Yeah it surprised me when mann lake said shipping weight was 300 pds. , did you mount yours on plywood , I like the idea of castors for moving it around but am skeptical that it will work when extracting .


----------



## squarepeg (Jul 9, 2010)

mine came crated up pretty good and was on a small pallet. with the crate and pallet it could very well push 300. i sunk lag bolt anchors into my concrete floor and bolt it down. it's not always possible to get it perfectly balanced and i would predict it would want to walk if on casters. mounting on plywood is an option, but i like to take it outside to clean and it's easier just to bolt to the floor.


----------



## snl (Nov 20, 2009)

squarepeg said:


> I sunk lag bolt anchors into my concrete floor and bolt it down. it's not always possible to get it perfectly balanced and i would predict it would want to walk if on casters.


Did the same with my ML. I slip the casters on it when I'm ready to clean and store...... Just takes a minute or two with wing nuts on the casters.....


----------



## grozzie2 (Jun 3, 2011)

laketrout said:


> Grozzie looks really good , how are you moving it around , they say shipping weight is 300LBS. they don't list the actual weight , sounds heavy to me . Some have reported putting it on castors which would make it easy to move and also they have claimed it will stay in one place .

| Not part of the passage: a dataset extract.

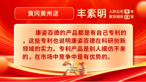 康姿百德20周年專賣店員工的系列故事會(huì)持續(xù)推出,讓我們一起期待其他地區(qū)專賣店員工代表的精彩故事吧!

I've never weighed it, but nowhere near 300lbs. Ours was bolted to a very thin ply base in the shipping box, and we just left it on that. To move, just slide the ply, it moves fine. For cleaning we drag it outside, then drag it back and into a corner in the garage by pulling on the ply. I'm not so sure about having it on casters, pretty much every load is at least slightly out of balance when you start it up, hence the low speed start. I just crank it up till it's threatening to start walking which is usually about 25% speed. We let it spin till it's smoothed out, then crank up more. We thought about bolting to the floor, or a heavier palette, but both options would make cleaning much more difficult, and this setup works.


----------



## Ian G (Jul 29, 2014)

Just ordered mine yesterday and it was indeed $142 off. Can't wait to try it out!


----------



## mathesonequip (Jul 9, 2012)

if you run 110 volts [nominal 120] thru a bridge rectifier you get [ nominal] 90 volts dc . there is no voltage reduction except resistance. there are a number of ways to drop ac voltage. the only good way to drop dc voltage is to convert it to heat in a rheostat, so almost always the voltage is dropped before converting it to dc. in a variable dc motor control set up.


----------